BEGIN WORKING DATA

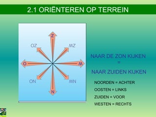 Das Dokument behandelt die Orientierung auf einem Gelände, einschließlich der Ausrichtung nach den Himmelsrichtungen. Es beschreibt die Orientierung anhand von Sonnenständen, Karten und Stadtplänen, um geografische Lagebeziehungen zu verstehen. Zusätzlich werden spezifische Positionen in Städten erläutert, wie die Lage von Meir und der großen Markt relativ zu anderen Punkten.
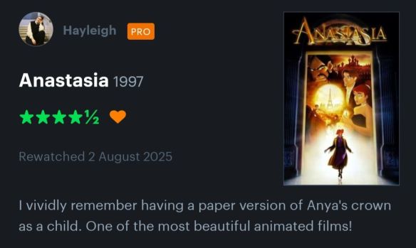 Anastasia is one of my favourite films from childhood! It was a lot of fun re-watching!
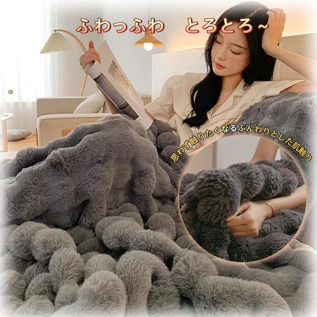 【大人気のふわとろ毛布】TV&SNSで話題になった大人気のふわとろ毛布!ラビットファー調二枚合わせ毛布、両面ふわふわ素材、高級感up、保温性が良い!おしゃれなお部屋を演出し、寒い冬でも暖かくお過ごしいただけるブランケットです。
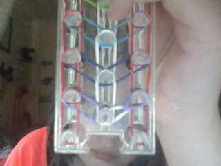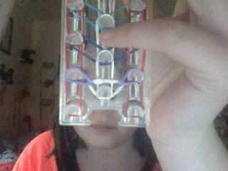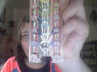 Agarrar la banda diagonal superior en el pasador central. Lazo a la patilla izquierda. Agarrar la banda restante en el pasador central. Lazo con el conector de la derecha. Agarrar la banda en el pasador central. Lazo derecho hasta el siguiente pin. Seguir recogiendo y colocación de las bandas hasta que haya colocado el último hacia arriba la banda. Después de que termines con los, agarra la banda en el eje izquierdo. Lazo derecho hasta el siguiente pin. Agarrar la banda en el eje derecho. Lazo derecho hasta el siguiente pin. Continuar haciendo esto hasta que han colocado las últimas bandas. Recoger y colocar las dos últimas bandas diagonal a la patilla central. Ahora, pase la frontera. Recoger la banda en la primera fila. Lazo en la primera banda diagonal que enlaza. Lo mismo para el a la derecha. Recoger la siguiente banda. Lazo directo. Lo mismo al otro lado. Continuar haciendo esto hasta llegar a la parte superior del telar.
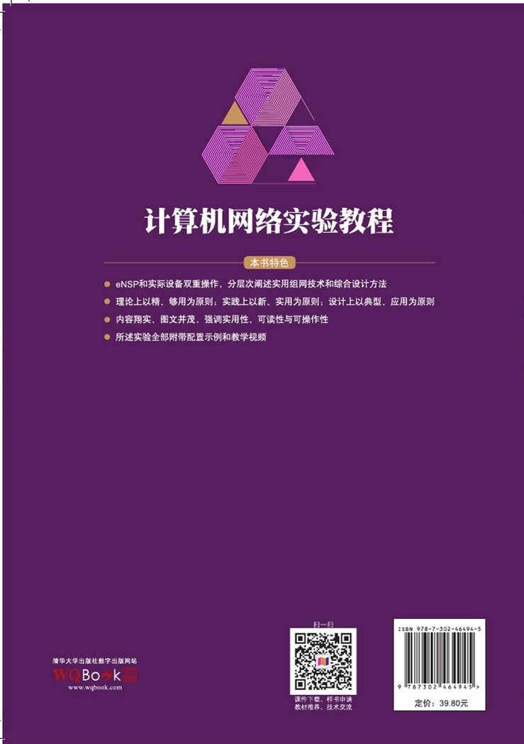 3. 在设计上,介绍目前比较典型的、应用比较广泛的中小型园区网络设计方法。本书中所述实验依据全部录制视频并上传至教学网站。

END WORKING DATA

Everything in the listing should be copied exactly, apart from the images it holds.

 Das Dokument behandelt die Orientierung auf einem Gelände, einschließlich der Ausrichtung nach den Himmelsrichtungen. Es beschreibt die Orientierung anhand von Sonnenständen, Karten und Stadtplänen, um geografische Lagebeziehungen zu verstehen. Zusätzlich werden spezifische Positionen in Städten erläutert, wie die Lage von Meir und der großen Markt relativ zu anderen Punkten.
 Anastasia is one of my favourite films from childhood! It was a lot of fun re-watching!
 【大人気のふわとろ毛布】TV&SNSで話題になった大人気のふわとろ毛布!ラビットファー調二枚合わせ毛布、両面ふわふわ素材、高級感up、保温性が良い!おしゃれなお部屋を演出し、寒い冬でも暖かくお過ごしいただけるブランケットです。
 Agarrar la banda diagonal superior en el pasador central. Lazo a la patilla izquierda. Agarrar la banda restante en el pasador central. Lazo con el conector de la derecha. Agarrar la banda en el pasador central. Lazo derecho hasta el siguiente pin. Seguir recogiendo y colocación de las bandas hasta que haya colocado el último hacia arriba la banda. Después de que termines con los, agarra la banda en el eje izquierdo. Lazo derecho hasta el siguiente pin. Agarrar la banda en el eje derecho. Lazo derecho hasta el siguiente pin. Continuar haciendo esto hasta que han colocado las últimas bandas. Recoger y colocar las dos últimas bandas diagonal a la patilla central. Ahora, pase la frontera. Recoger la banda en la primera fila. Lazo en la primera banda diagonal que enlaza. Lo mismo para el a la derecha. Recoger la siguiente banda. Lazo directo. Lo mismo al otro lado. Continuar haciendo esto hasta llegar a la parte superior del telar.
 3. 在设计上,介绍目前比较典型的、应用比较广泛的中小型园区网络设计方法。本书中所述实验依据全部录制视频并上传至教学网站。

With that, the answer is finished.